Question

The Vapor pressure of benzene is 100.0 mmHg at 26.1 degrees celsius. Calculate the vapor pressure of a solution containing 23.5 g of camphor (C10H16O) dissolved in 97.2 g of benzene. Camphor is a low votality solid

Answer 1

@Photon336

Answer 2

Moles C10H16O = 23.5 g/ 153.23 g/mol = 0.161
Moles benzene = 97.2 g / 78.1121 g/mol = 1.26
Mole fraction benzene = 1.24 / 1.24 + 0.153 = .959
vapor pressure = 100 x 0.959 = 95.945 mm Hg

Answer 3

@Photon336 I'll be back in a few hours. Sorry I didn't get back to you earlier.

Answer 4

@tatianagomezb

Answer 5

\[P_{vapor~pressure} = P_{V/pressure~pure~benzene}*X_{mol fraction

Benzene}+P_{V/Ppressure pure camphor}*X_{mol fraction camphor}\]

Answer 6

Moles of benzene = 1.26
Moles of camphor = 0.161

Total #moles
\[Benzene+Camphor = (1.26+0.161) = 1.421_{moles~total}\]

Mole fraction of benzene
\[X_{BENZENE} = (\frac{ 1.26 }{ 1.421 }) = 0.887 \]

Mole fraction of Camphor
\[X_{CAMPHOR} = (\frac{ 0.161 }{ 1.421 }) = 0.113\]

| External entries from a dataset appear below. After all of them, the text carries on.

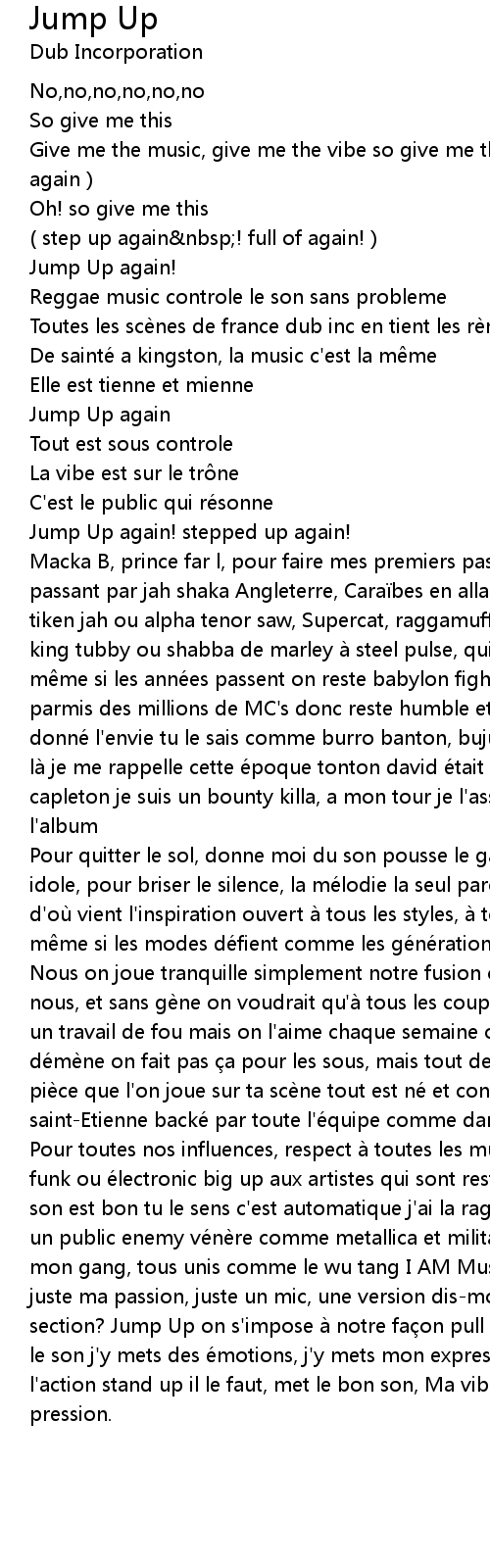 | Pour toutes nos influences, respect à toutes les musiques du rock au hip hop, funk ou é lectronic big up aux artistes qui sont resté s authantiques quand le son est bon tu le sens c' est automatique j' ai la rage contre la machine, je suis un public enemy vé nè re comme metallica et militant comme fé la je rste kool ac mon gang, tous unis comme le wu tang I AM Musical Youth and a riddim rida C' est juste ma passion, juste un mic, une version dismoi où on installe toute la section? Jump Up on s' impose à notre fa on pull up lorsqu' on fait pé ter tout le son j' y mets des é motions, j' y mets mon expression le temp de passer à l' action stand up il le faut, met le bon son, Ma vibration fait baisser la pression. |
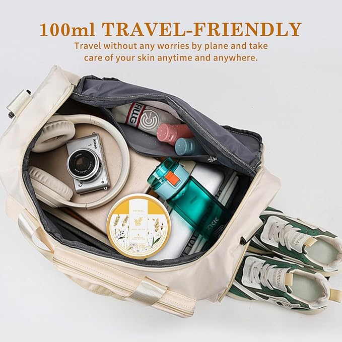 - TRAVEL-FRIENDLY: This Oatmeal Body Lotion is designed for travel convenience. It has a capacity of 100ml and is small and exquisite, making it easy to carry in a bag or suitcase. You can travel without the burden of flying and take care of your skin at any time. It is a considerate travel companion.
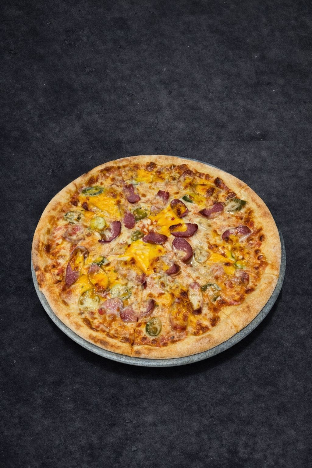 Mozzeralla Peyniri, Ev Yapımı Özel Domates Sos, Jalapeno Biberi, Frankfurter Sosis Dilimleri, Acılı Ketçap, Cheddar Peyniri
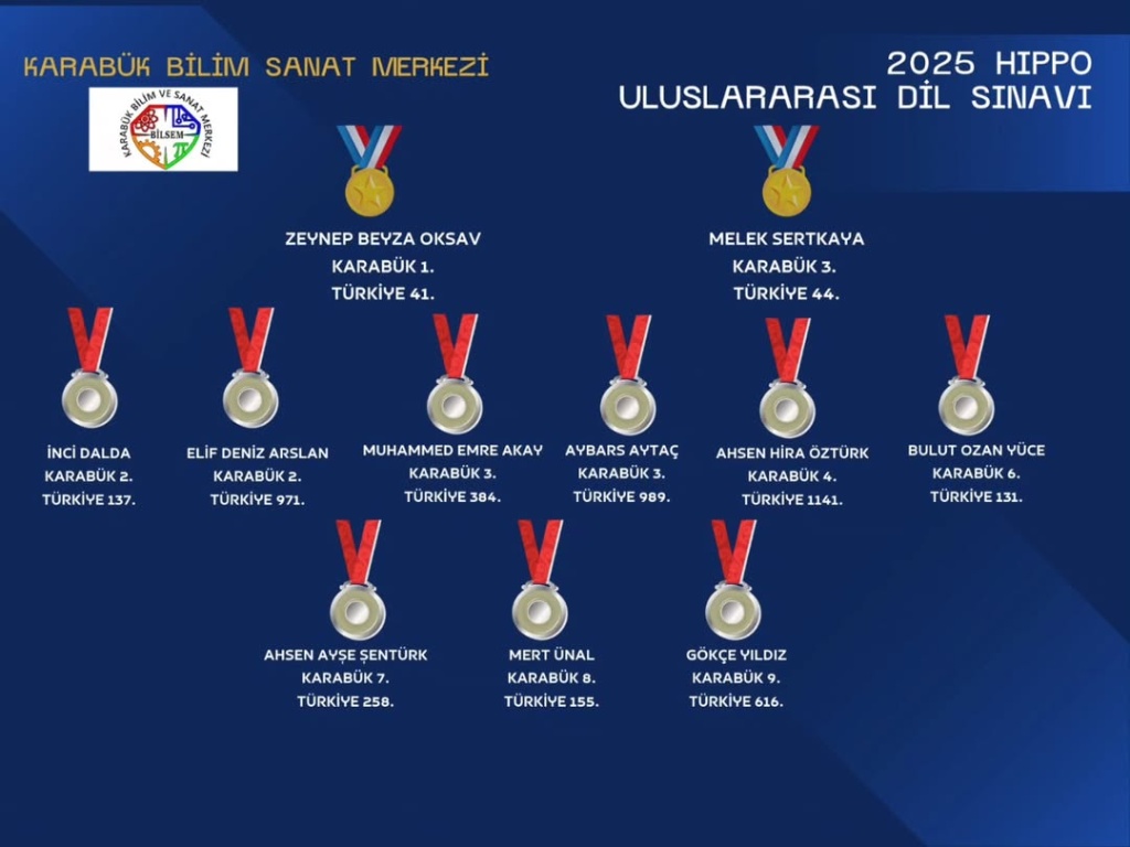 Kurumumuz İngilizce Öğretmeni Rıdvan Cihan OKSAV danışmanlığında bu sene ilk kez katıldığı bu sınava 29 öğrenci ile katılım sağladı. 11 öğrencimiz bu sınavda Karabük ilinde ilk 10’a girme başarısını gösterdi. Ayrıca Zeynep Beyza OKSAV ve Melek SERTKAYA da alanlarında büyük başarı göstererek ikinci tura katılma başarısını gösterdiler. Öğrencilerimizden Melek SERTKAYA 2 puanla yarı finali kaçırırken, Zeynep Beyza OKSAV ise büyük başarıyla Türkiye’de 3. olarak 26-28 Mayıs tarihleri arasında İtalya’da gerçekleştirilecek olan yarı finale katılmaya hak kazandı.

\[P_ {vapor~pressure} = P^{0}X_{BENZENE} +P^{0}X_{CAMPHOR} \]

Answer 7

\[VaporPressure~Camphor~25^{0}C = 0.65mmHG\]


\[VaporPressure~of~Benzene 100~mmHG~26.1^{0}C\]

\[(100~mmHG)*(0.887)+(0.65mmHG)(0.113) = 88.77~mmHG \]

Answer 8

I saw what you did and you were correct when you had to calculate the mole fraction, you needed to do that. But I also think that you needed to take into account the amount of camphor you put in too as well as the vapor pressure of pure camphor. You have to dig around to find the numbers but this reaction is happening around approximately 25C

Answer 9

remember vapor pressure of pure substances changes as temperature changes so you would need the value of the vapor pressure at that particular temperature.

Answer 10

@Photon336 I knew I was close but I got tripped up towards the end. Thanks for the help.